A third (33%) of US small format shoppers still aren’t aware that you can buy beer online, according to ZX Venture’s survey. And yet there’s growing interest in buying beer online. The survey found that 30% of American beer shoppers are interested in buying beer online: up from 20% in 2017.

2. Beer can drive more purchases online

Nearly 70% of the American shoppers surveyed who had purchased beer online stated that beer was one of the major reasons - or even the only reason - driving their decision to go shopping. ZX Ventures says this indicates that beer has the opportunity to drive more online shopping missions.

3. Online: Millennials in city centres

The audience for small formats is considerably different online to in store. The online small format audience skews towards millennials and shoppers in urban areas. In addition, 32% of these consumers skip in-store small-format shopping entirely, preferring the virtual experience.

4. Craft continues to triumph

Online beer buyers are interested in craft brands: 54% of surveyed US consumers said they’d included a craft beer in their most recent online beer shop. That’s compared to 20% in-stores.

5. Brits want convenience

In the UK, the top driver of online shopping was convenience – a trend that applies across all age groups. In beer, the ease of delivery compared to the burden of physically carrying products from the store was a key factor.

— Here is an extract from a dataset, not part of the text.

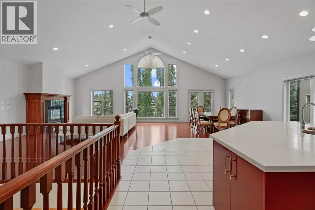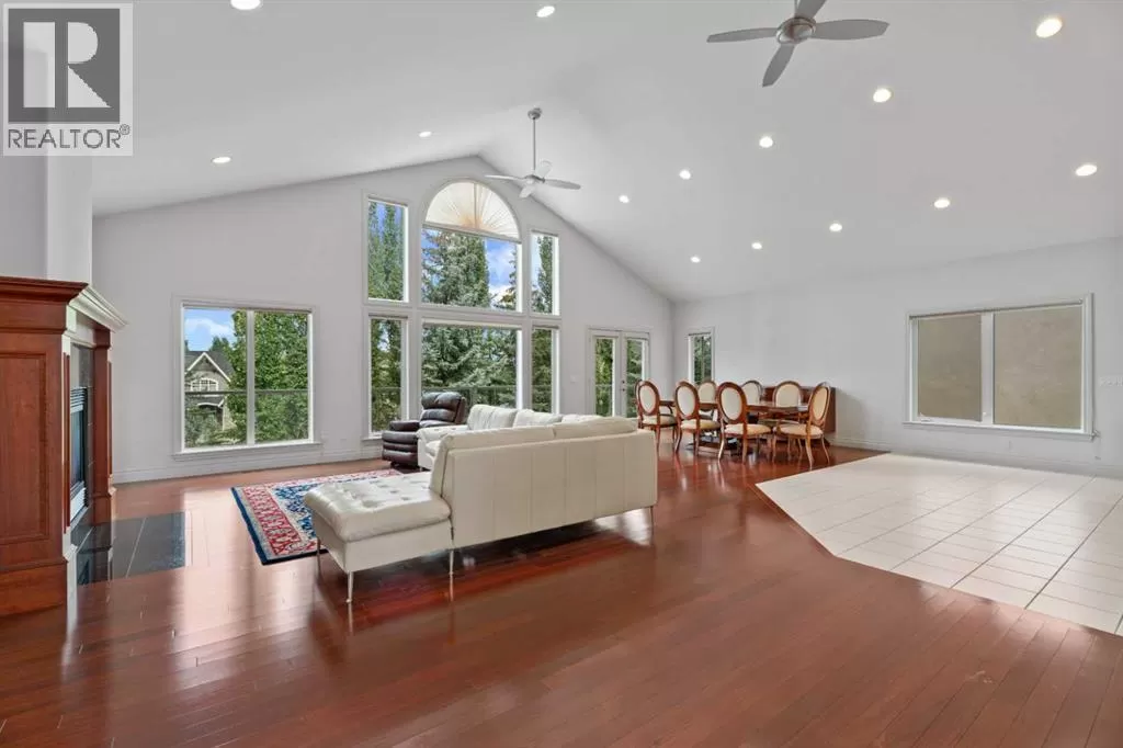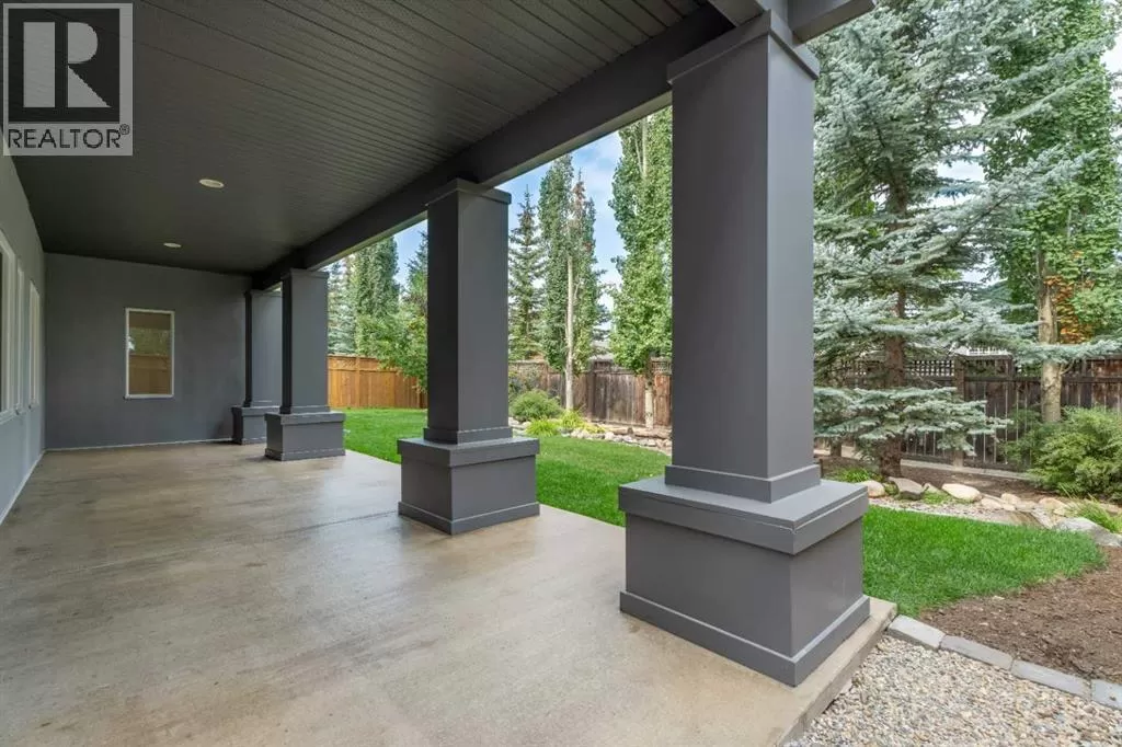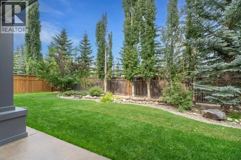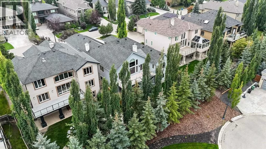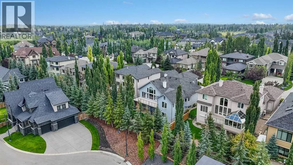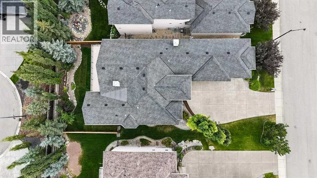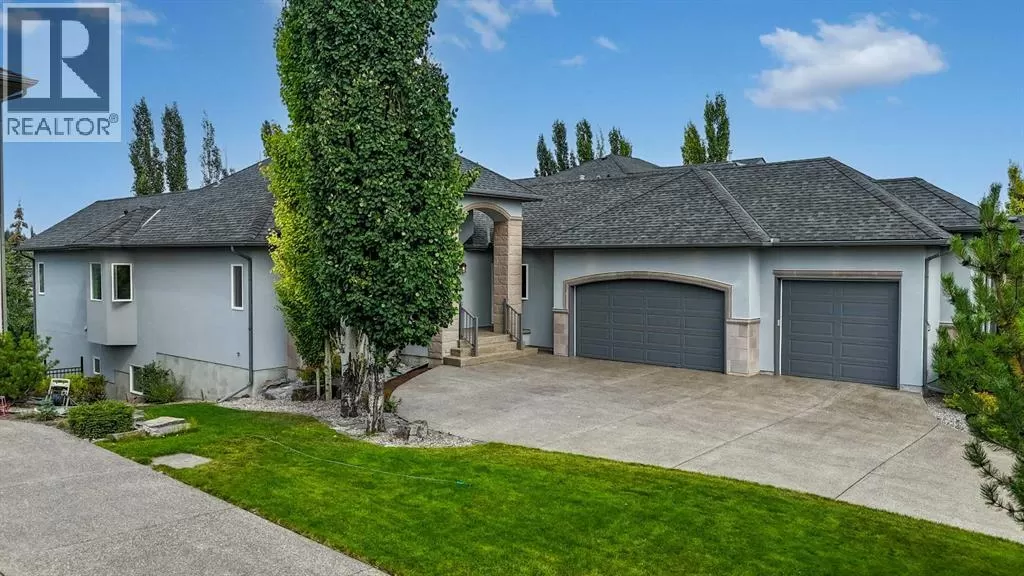 Welcome to this exceptional estate residence in the prestigious community of Aspen, perfectly situated on a beautifully landscaped 8,471 sq. ft. lot that offers privacy, mature trees, and no homes directly behind. This immaculate bungalow showcases timeless craftsmanship with over 4,600 sq. ft. of living space, thoughtfully designed for both everyday comfort and elegant entertaining. From the moment you arrive, the home makes a statement with its oversized triple garage, a newly refinished driveway with ample room for additional parking, and stunning curb appeal that sets the tone for whatâs inside. Step into the main level where soaring vaulted ceilings and expansive windows create a bright, airy atmosphere that is both warm and inviting. The open floor plan flows seamlessly between the living, dining, and kitchen areas, highlighted by a large deck that extends the living space outdoors and overlooks the lush, private backyard. A spacious front office with a nearby 4-piece bath provides the ideal work-from-home setup or easily functions as a second main-floor bedroom. The primary retreat is tucked away for privacy and comfort, featuring a generous 5-piece ensuite with dual vanities, a separate soaker tub and shower, and a private water closet. A large laundry and mudroom with sink adds practicality, while the thoughtful layout ensures convenience throughout. The professionally developed walkout basement nearly doubles the living space, offering a massive recreation and games room perfect for family gatherings or entertaining guests. Comfort is paramount with two dedicated in-floor heating zonesâone for the bedroom wing, which includes two spacious bedrooms and a 4-piece bathroom, and another for the expansive recreation space. A freshly sealed lower-level patio opens onto the meticulously maintained backyard, where mature landscaping, newer fencing, and carefully designed outdoor spaces create a peaceful oasis. Additional highlights of this home include central air conditioning for year-round comfort, a water softener, built-in central vacuum with attachments, and abundant storage space. Every detail reflects the pride of ownership and meticulous care that has gone into maintaining this home. Combining an enviable location in Aspenâs sought-after estate area with a rare blend of space, privacy, and elegance, this residence offers a truly unique opportunity to own a forever home in one of Calgaryâs premier communities. (id:27476)

And while online shopping might be associated with tech savvy millennials, this convenience benefit was particularly pronounced for shoppers over the age of 55 (56%), pointing to a potential selling point.

Regarding advice for retailers, the standout feedback among UK shoppers (24%) was keen interest in seeing offers of beer on the retailers’ homepage.

Online alcohol retailing

Beverage alcohol e-commerce in the US is broken down by wine (23%), spirits (32%) and beer (44%), according to figures IWSR.

And Rabobank’s latest figures estimate that US consumers spend $2.6bn on alcohol online​ a year – through online liquor stores ($1.1bn), direct-to-consumer wine online ($950m), online grocery ($295m) and alcohol marketplaces ($265m). But it believes this could be ‘billions more’,

Complex regulations between states can make online sales tricky. But grocers too can improve online sales by improving the user experience: such as with tasting notes, third-party ratings and filters such as price.